** Records shown **
"""
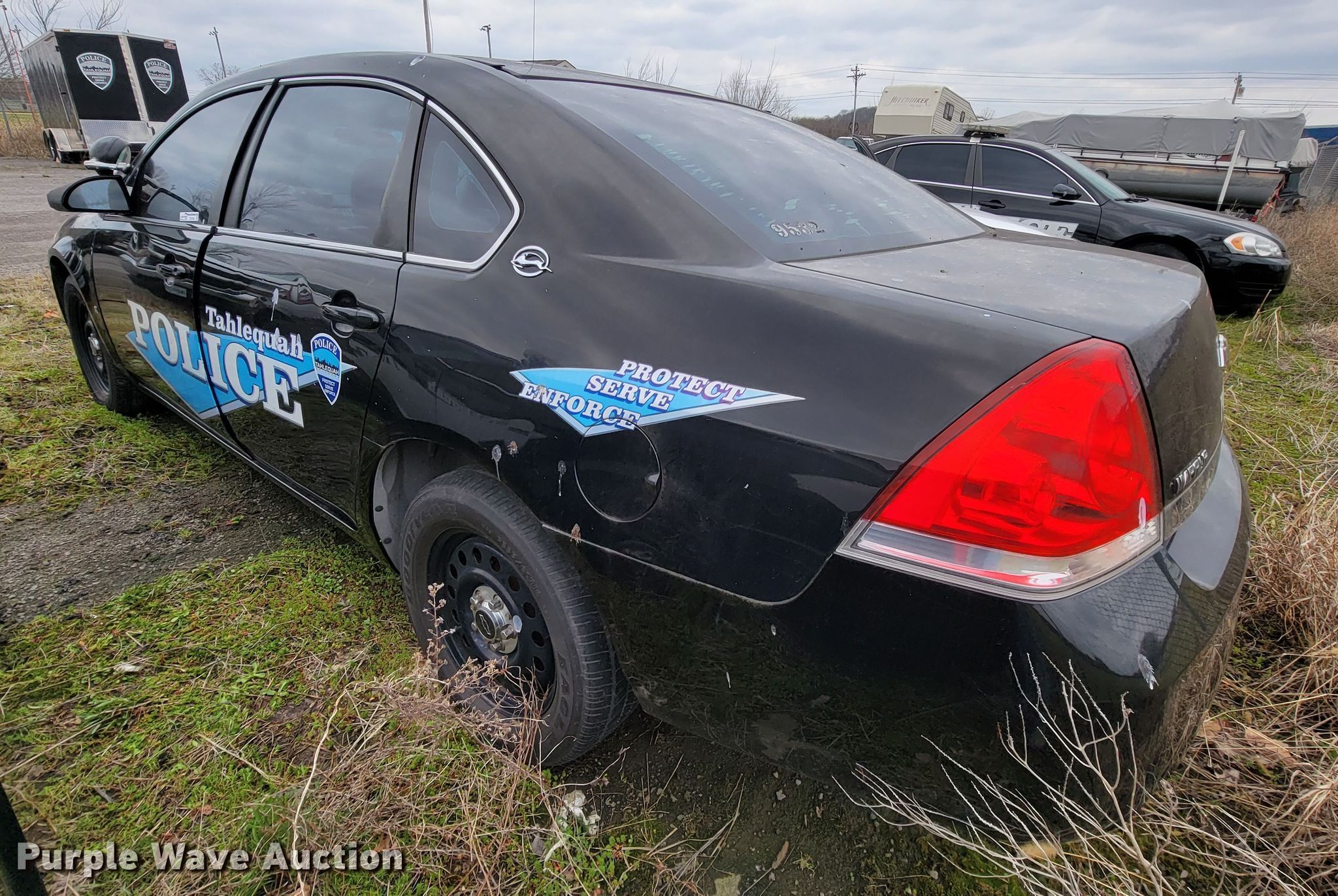 2007 Chevrolet Impala Police. 114,958 miles on odometer. Engine Displacement: 3.9L V6 OHV 12V, Cylinders: 6, Fuel type: Gas. Transmission Automatic. Interior Seat: Power passenger, Power windows, Power locks, Cruise control. Tires Size: 225/60R16. Notes Police radio and radar not included , Dash warning indicator: TPMS, Non-operational rear passenger window, will not roll up , Weak battery, Unknown operating condition. Oklahoma title. 2G1WS55R179229532. City of Tahlequah, OK. 1104 W Woodard Rd. Tahlequah, OK 74464
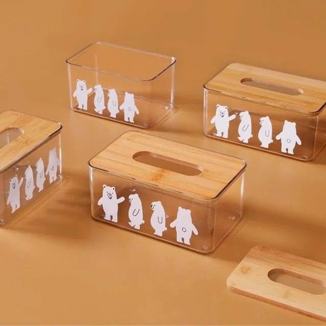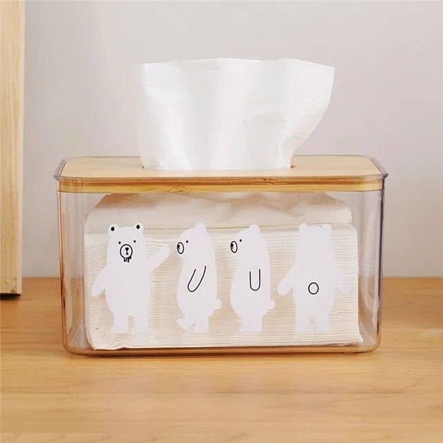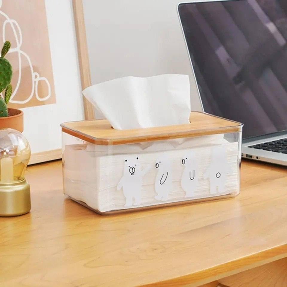 Generic - علبة مناديل اكريليك مع غطاء من البامبو، شفاف
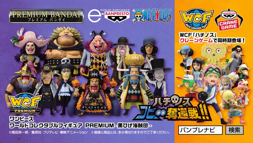 ハチノス、コビー奪還戦!! 現四皇【マーシャル・D・ティーチ】を提督に 10人の巨漢船長が船を率いる「黒ひげ海賊団」WCF、 フルコンプセットで予約開始! 同時期にクレーンゲームで登場するWCFハチノスをGETして ハチノス島でのコビー救出シーンを再現だ!
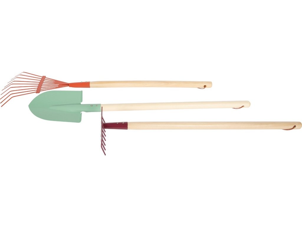 S touto čtyřdílnou sadou zahradního nářadí „Tiny Garden“ a stylovou konvičkou můžete vyrazit do akce – ať už na zahradu, do pískoviště nebo na pláž! Sada obsahuje hrábě, rýč, hrábě na listí a konvičku s praktickým rozprašovačem. Nářadí je vyrobeno z odolných materiálů a má ideální velikost do dětských ručiček. A až bude práce hotová? Díky poutkům na konci násad ho jednoduše zavěsíte a je uklizeno.
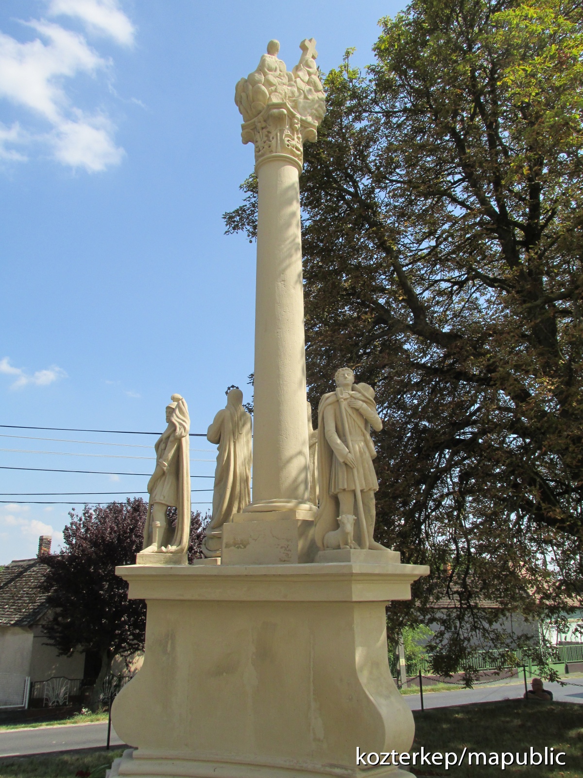 Sármellék Szentháromság szobrát a katolikus templom előtt találjuk. A nem kis méretű barokk alkotáson az oszlop körül Szűz Mária, Szent Sebestyén, Szent Vendel és Szent Flórián szobrait láthatjuk.
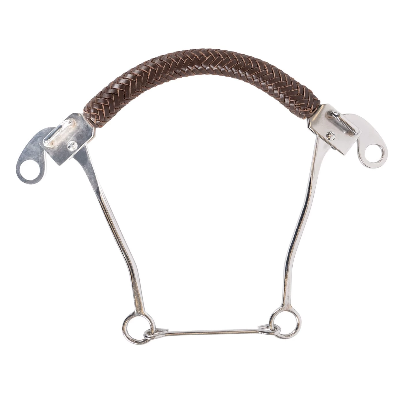 The Metalab Braided Leather Hackamore is a great choice for horses who dislike the feel of a bit in their mouth. This hackamore offers excellent leverage and control without the use of a traditional bit. Features a leather braided nose that measures 3″ in circumference. The shanks measure 9″L with a small bar at the end.
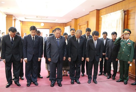 | La délégation laotienne, dirigée par le secrétaire général du Parti et président laotien Bounnhang Volachith (centre), rend hommage à l’ancien président vietnamien Lê Duc Anh, le 3 mai. |
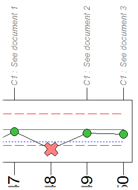 If the View Cause Comment check box is selected in the Chart Plot Space dialog, the cause comment will appear next to the cause label at the top of the control chart.
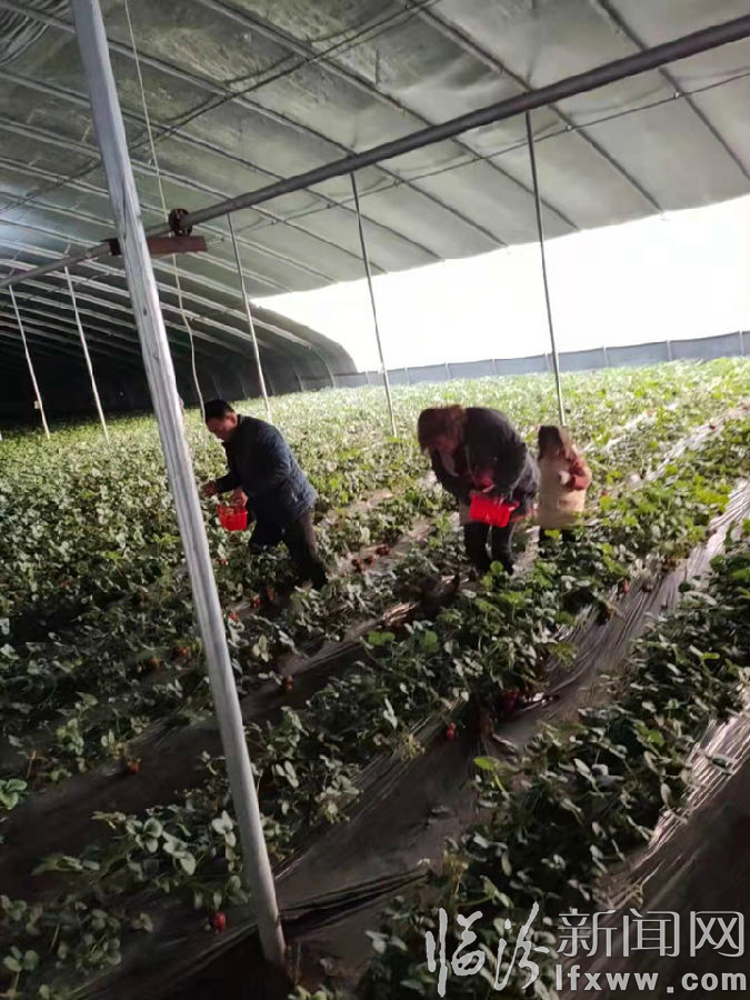 临汾新闻网讯 1月12日以来,吉县吉昌镇霖雨村的正利草莓釆摘园的草莓已进入采摘高峰期,每天都有来自周边县市的客人采摘游玩。采摘园内的草莓饱满红艳,深受游客喜爱。图为游人正在园内采摘。
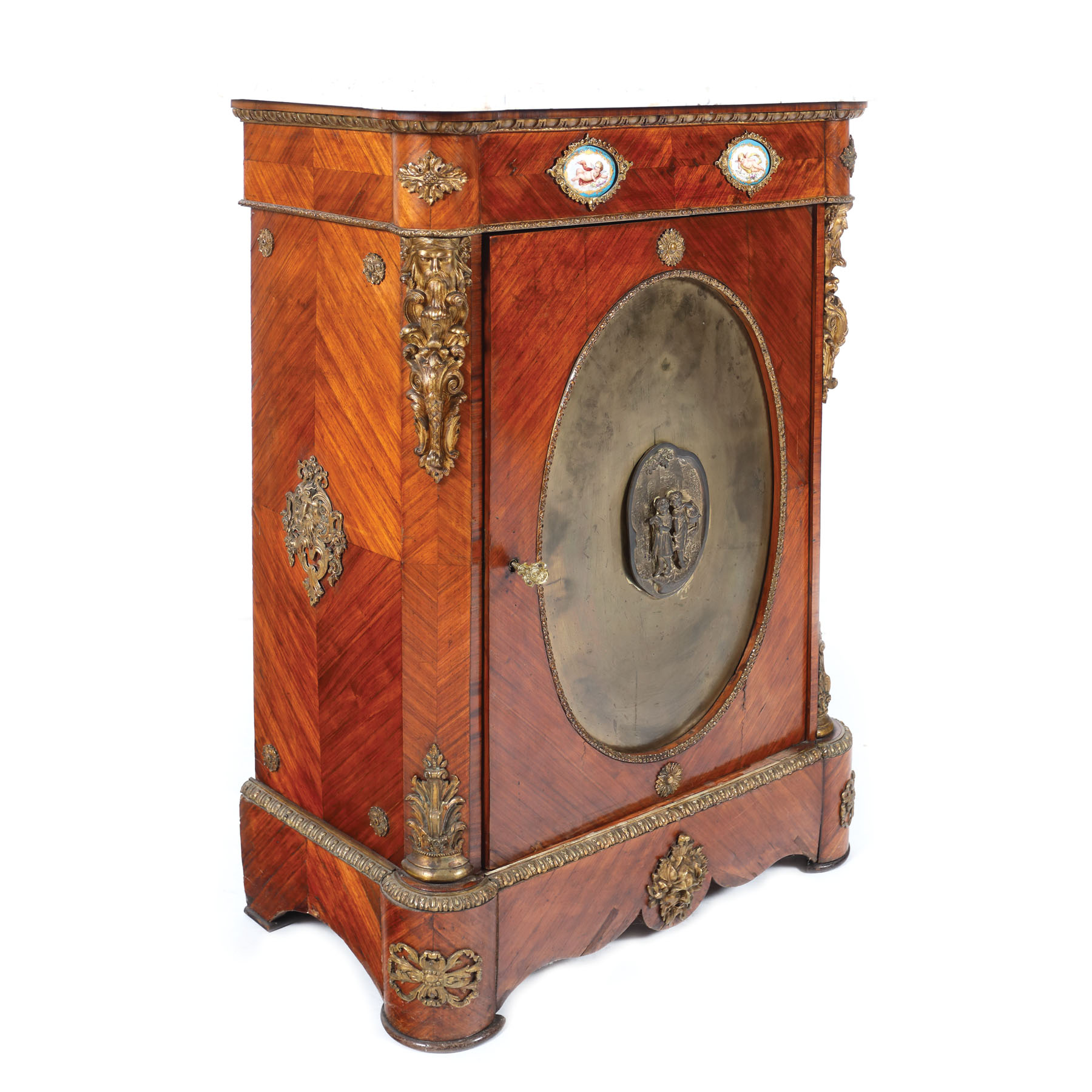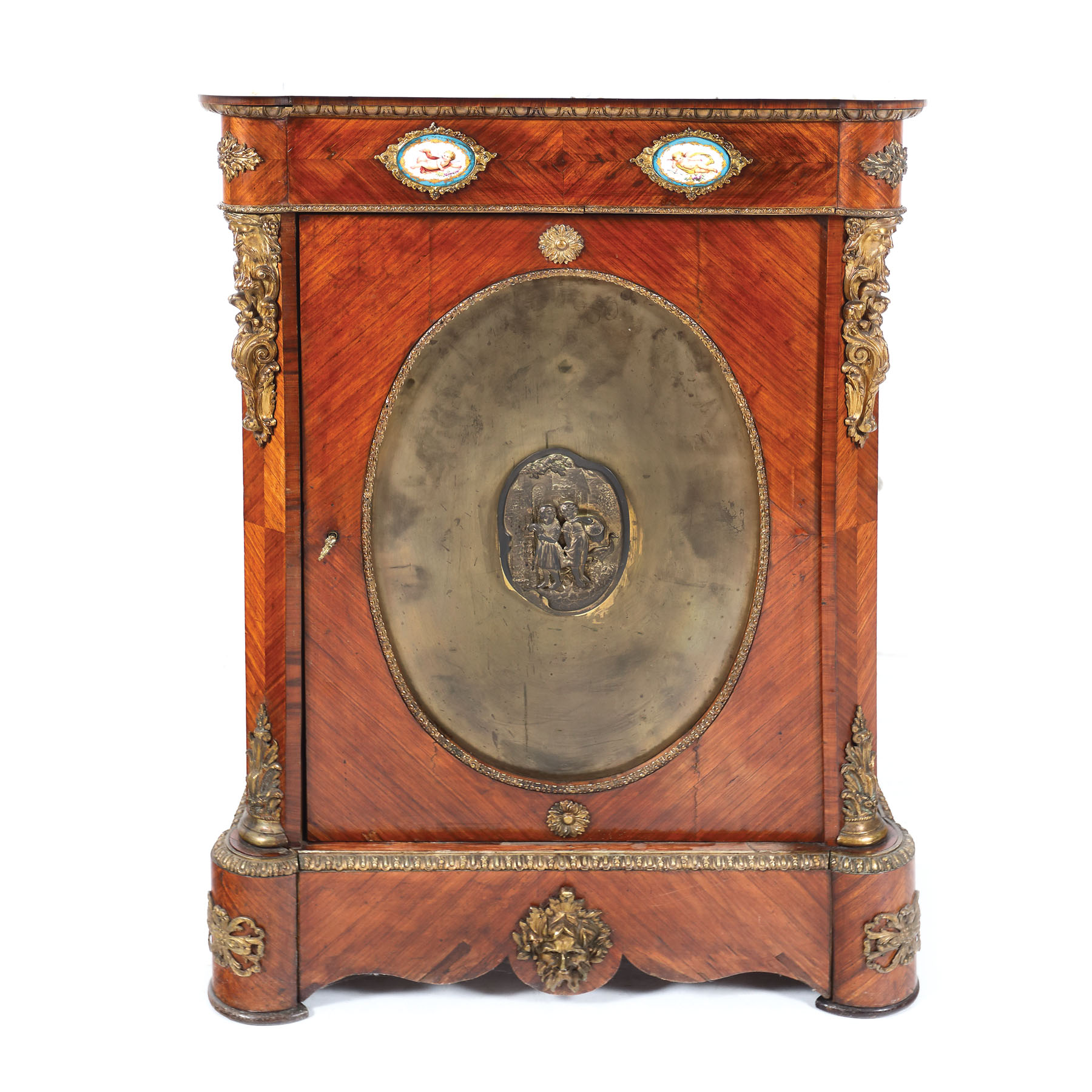 Cabinet paralelipipedic, cu postament lat, sprijinit pe sfere aplatizate. Blat dreptunghiular cu placă de marmură, centură cu ornamente din bronz și două medalioane din porțelan pictat cu putti în lambrechin vegetal. O usă cu medalion din alamă și ornament reliefat - scenă de basm cu pereche de copii și gâscă. Montanți decorați cu motive portret de bătrân cu barbă. Panouri laterale cu ornamente din bronz.
"""
** Your task **
Each line from the first line of the listing above through the line containing "Sármellék Szentháromság szobrát" is to be written out exactly, and the pictures are to be left out.

** Solution to this task **
 2007 Chevrolet Impala Police. 114,958 miles on odometer. Engine Displacement: 3.9L V6 OHV 12V, Cylinders: 6, Fuel type: Gas. Transmission Automatic. Interior Seat: Power passenger, Power windows, Power locks, Cruise control. Tires Size: 225/60R16. Notes Police radio and radar not included , Dash warning indicator: TPMS, Non-operational rear passenger window, will not roll up , Weak battery, Unknown operating condition. Oklahoma title. 2G1WS55R179229532. City of Tahlequah, OK. 1104 W Woodard Rd. Tahlequah, OK 74464
 Generic - علبة مناديل اكريليك مع غطاء من البامبو، شفاف
 ハチノス、コビー奪還戦!! 現四皇【マーシャル・D・ティーチ】を提督に 10人の巨漢船長が船を率いる「黒ひげ海賊団」WCF、 フルコンプセットで予約開始! 同時期にクレーンゲームで登場するWCFハチノスをGETして ハチノス島でのコビー救出シーンを再現だ!
 S touto čtyřdílnou sadou zahradního nářadí „Tiny Garden“ a stylovou konvičkou můžete vyrazit do akce – ať už na zahradu, do pískoviště nebo na pláž! Sada obsahuje hrábě, rýč, hrábě na listí a konvičku s praktickým rozprašovačem. Nářadí je vyrobeno z odolných materiálů a má ideální velikost do dětských ručiček. A až bude práce hotová? Díky poutkům na konci násad ho jednoduše zavěsíte a je uklizeno.
 Sármellék Szentháromság szobrát a katolikus templom előtt találjuk. A nem kis méretű barokk alkotáson az oszlop körül Szűz Mária, Szent Sebestyén, Szent Vendel és Szent Flórián szobrait láthatjuk.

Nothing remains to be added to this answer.